* What to work on:
Using the listing below, copy exactly each line from the one that has "Silver-tone Enamel Apple" through the one that has "Identification of the"; omit the pictures.

* Dataset entries:
--

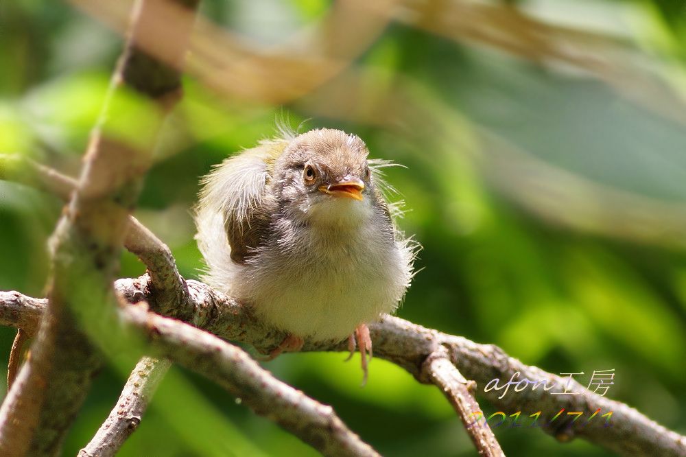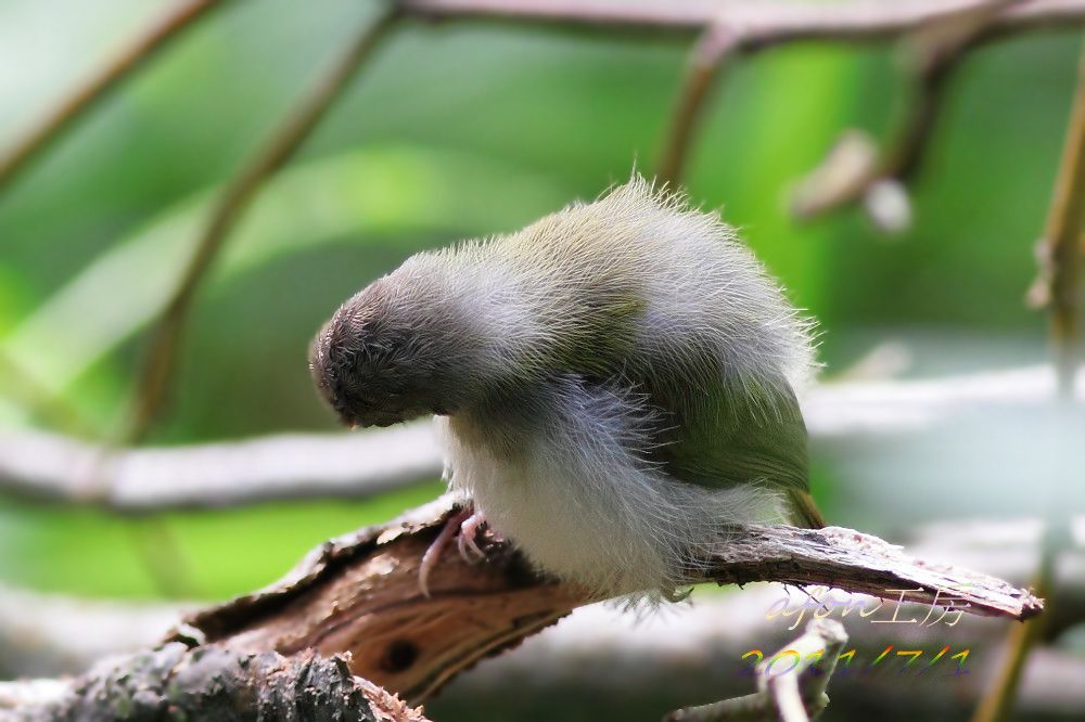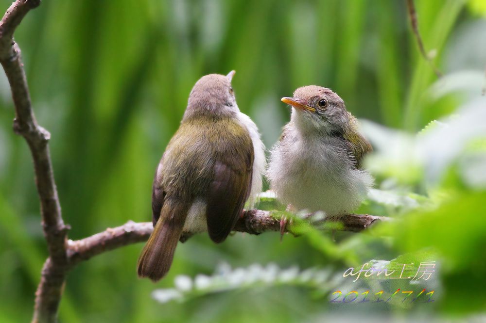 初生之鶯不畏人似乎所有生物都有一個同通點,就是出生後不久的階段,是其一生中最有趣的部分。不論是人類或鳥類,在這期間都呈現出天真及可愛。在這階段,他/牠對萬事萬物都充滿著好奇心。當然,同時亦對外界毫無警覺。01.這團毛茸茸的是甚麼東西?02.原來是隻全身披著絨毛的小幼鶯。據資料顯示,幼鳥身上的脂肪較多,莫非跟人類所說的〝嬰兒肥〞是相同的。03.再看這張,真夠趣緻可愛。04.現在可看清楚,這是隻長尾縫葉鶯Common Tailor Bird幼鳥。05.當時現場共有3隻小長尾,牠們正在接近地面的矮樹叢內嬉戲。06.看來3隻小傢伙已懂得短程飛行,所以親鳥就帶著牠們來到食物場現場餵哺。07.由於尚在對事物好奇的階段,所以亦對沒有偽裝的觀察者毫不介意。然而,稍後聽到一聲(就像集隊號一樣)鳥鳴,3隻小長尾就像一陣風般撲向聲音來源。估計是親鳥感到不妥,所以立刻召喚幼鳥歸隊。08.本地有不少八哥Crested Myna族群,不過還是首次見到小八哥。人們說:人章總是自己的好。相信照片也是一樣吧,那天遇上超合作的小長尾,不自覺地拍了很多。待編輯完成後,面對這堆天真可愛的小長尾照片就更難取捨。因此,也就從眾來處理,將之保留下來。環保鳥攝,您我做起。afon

--

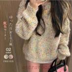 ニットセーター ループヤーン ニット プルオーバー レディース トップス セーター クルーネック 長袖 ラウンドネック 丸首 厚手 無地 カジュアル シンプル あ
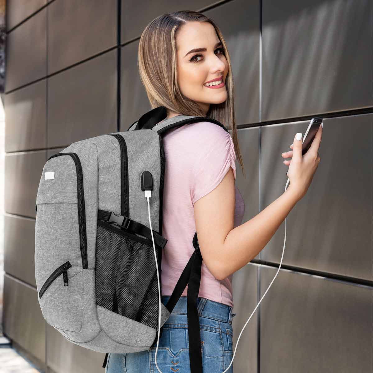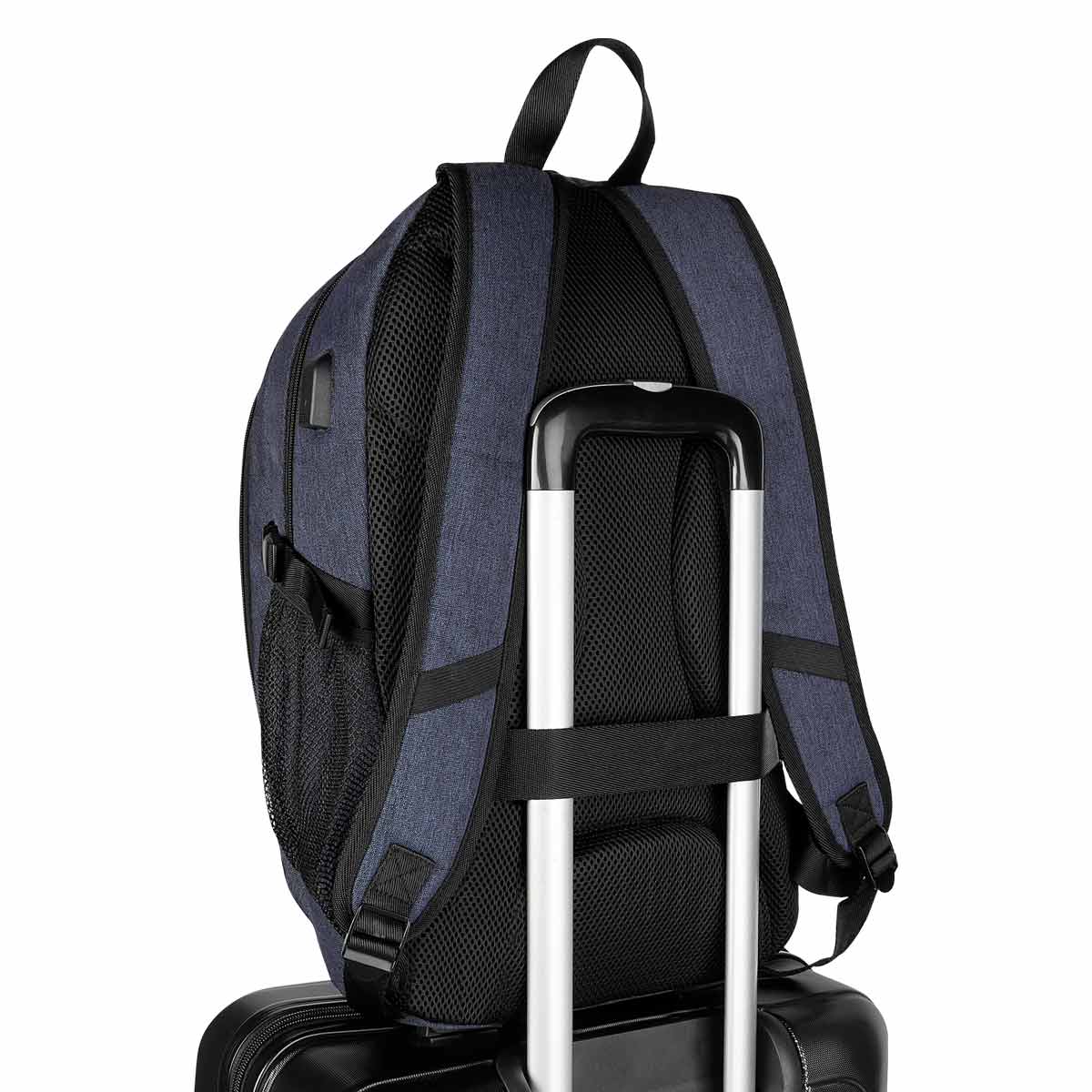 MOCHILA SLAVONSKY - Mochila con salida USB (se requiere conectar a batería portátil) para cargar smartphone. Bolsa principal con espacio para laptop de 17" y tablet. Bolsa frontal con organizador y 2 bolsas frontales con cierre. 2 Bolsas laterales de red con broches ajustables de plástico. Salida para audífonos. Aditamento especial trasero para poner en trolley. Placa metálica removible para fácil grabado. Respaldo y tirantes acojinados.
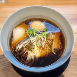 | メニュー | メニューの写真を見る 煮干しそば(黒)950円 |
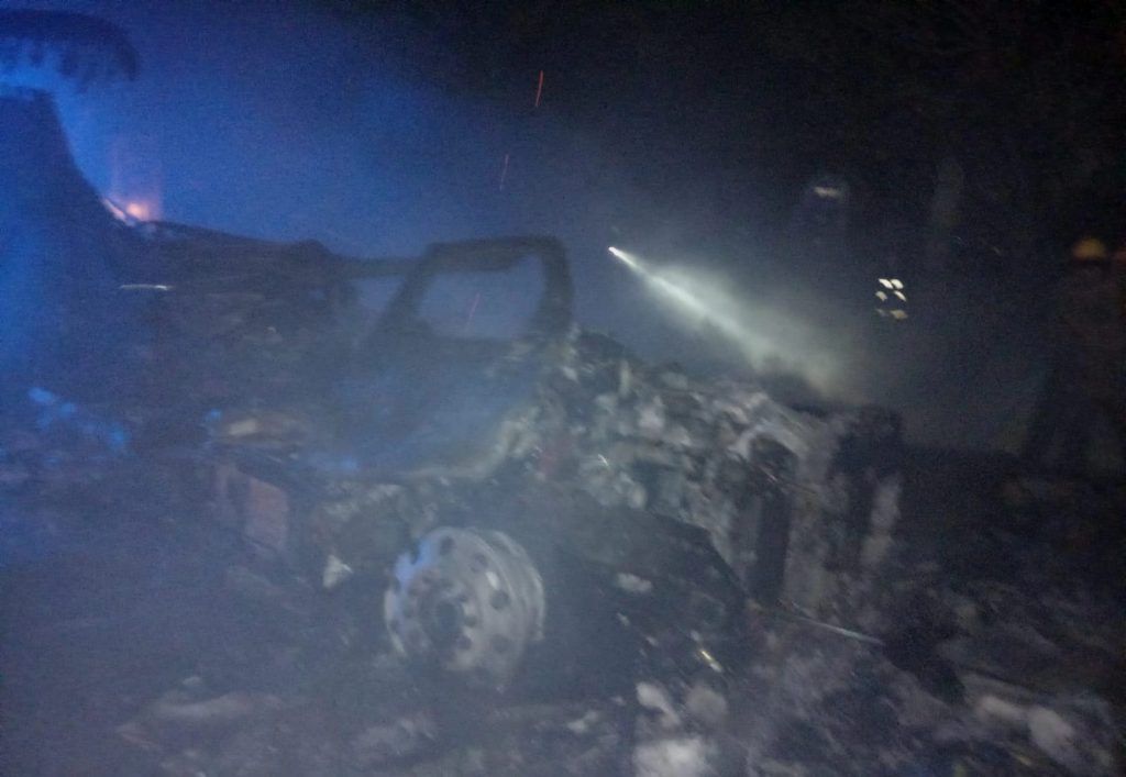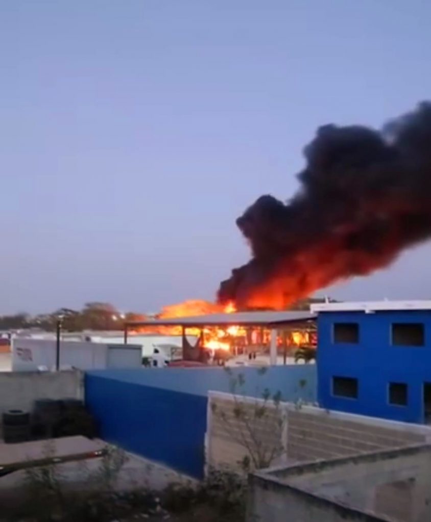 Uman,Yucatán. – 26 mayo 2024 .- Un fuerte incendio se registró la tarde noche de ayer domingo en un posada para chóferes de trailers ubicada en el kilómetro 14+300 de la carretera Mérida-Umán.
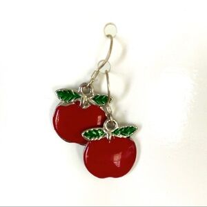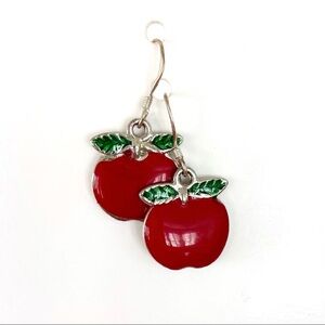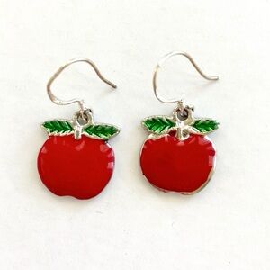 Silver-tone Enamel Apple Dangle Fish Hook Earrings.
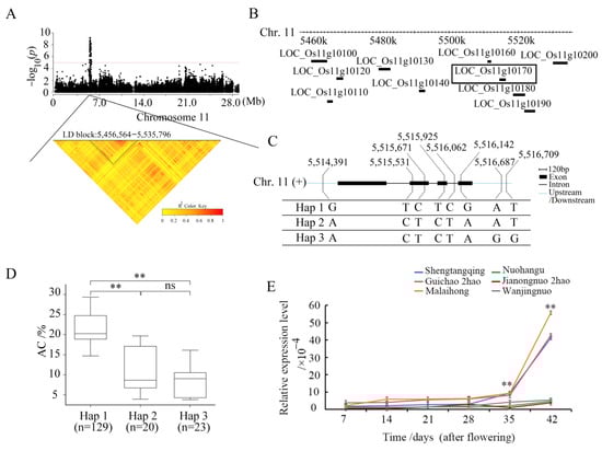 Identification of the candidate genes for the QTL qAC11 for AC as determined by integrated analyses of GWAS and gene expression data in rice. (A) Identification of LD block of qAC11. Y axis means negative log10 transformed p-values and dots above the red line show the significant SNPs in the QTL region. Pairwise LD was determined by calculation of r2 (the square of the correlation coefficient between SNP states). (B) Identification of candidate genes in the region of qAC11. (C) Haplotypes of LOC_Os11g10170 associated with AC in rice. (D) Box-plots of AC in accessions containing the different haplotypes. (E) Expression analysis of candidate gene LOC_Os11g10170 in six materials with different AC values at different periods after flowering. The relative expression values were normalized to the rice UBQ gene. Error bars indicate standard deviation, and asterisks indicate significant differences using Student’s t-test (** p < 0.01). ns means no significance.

--

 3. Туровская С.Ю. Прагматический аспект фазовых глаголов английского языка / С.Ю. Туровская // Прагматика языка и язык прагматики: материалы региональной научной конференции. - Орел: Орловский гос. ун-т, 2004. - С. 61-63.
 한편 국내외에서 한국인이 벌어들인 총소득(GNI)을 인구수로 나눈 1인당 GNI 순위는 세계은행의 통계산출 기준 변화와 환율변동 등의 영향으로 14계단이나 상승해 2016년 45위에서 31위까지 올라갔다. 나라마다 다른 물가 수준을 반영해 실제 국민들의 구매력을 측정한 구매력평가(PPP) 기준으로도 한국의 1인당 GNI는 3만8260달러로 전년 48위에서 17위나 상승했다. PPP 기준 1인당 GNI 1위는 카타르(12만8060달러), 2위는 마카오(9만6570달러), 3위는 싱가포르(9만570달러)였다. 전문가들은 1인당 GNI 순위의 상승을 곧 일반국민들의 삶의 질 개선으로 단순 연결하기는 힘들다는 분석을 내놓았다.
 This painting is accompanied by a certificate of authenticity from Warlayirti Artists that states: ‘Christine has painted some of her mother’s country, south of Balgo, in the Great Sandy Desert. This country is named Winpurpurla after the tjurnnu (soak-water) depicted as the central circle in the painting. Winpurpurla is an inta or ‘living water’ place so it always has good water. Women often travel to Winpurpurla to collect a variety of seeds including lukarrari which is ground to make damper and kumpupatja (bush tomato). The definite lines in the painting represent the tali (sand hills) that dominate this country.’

--

* Exercise output:
 Silver-tone Enamel Apple Dangle Fish Hook Earrings.
 Identification of the candidate genes for the QTL qAC11 for AC as determined by integrated analyses of GWAS and gene expression data in rice. (A) Identification of LD block of qAC11. Y axis means negative log10 transformed p-values and dots above the red line show the significant SNPs in the QTL region. Pairwise LD was determined by calculation of r2 (the square of the correlation coefficient between SNP states). (B) Identification of candidate genes in the region of qAC11. (C) Haplotypes of LOC_Os11g10170 associated with AC in rice. (D) Box-plots of AC in accessions containing the different haplotypes. (E) Expression analysis of candidate gene LOC_Os11g10170 in six materials with different AC values at different periods after flowering. The relative expression values were normalized to the rice UBQ gene. Error bars indicate standard deviation, and asterisks indicate significant differences using Student’s t-test (** p < 0.01). ns means no significance.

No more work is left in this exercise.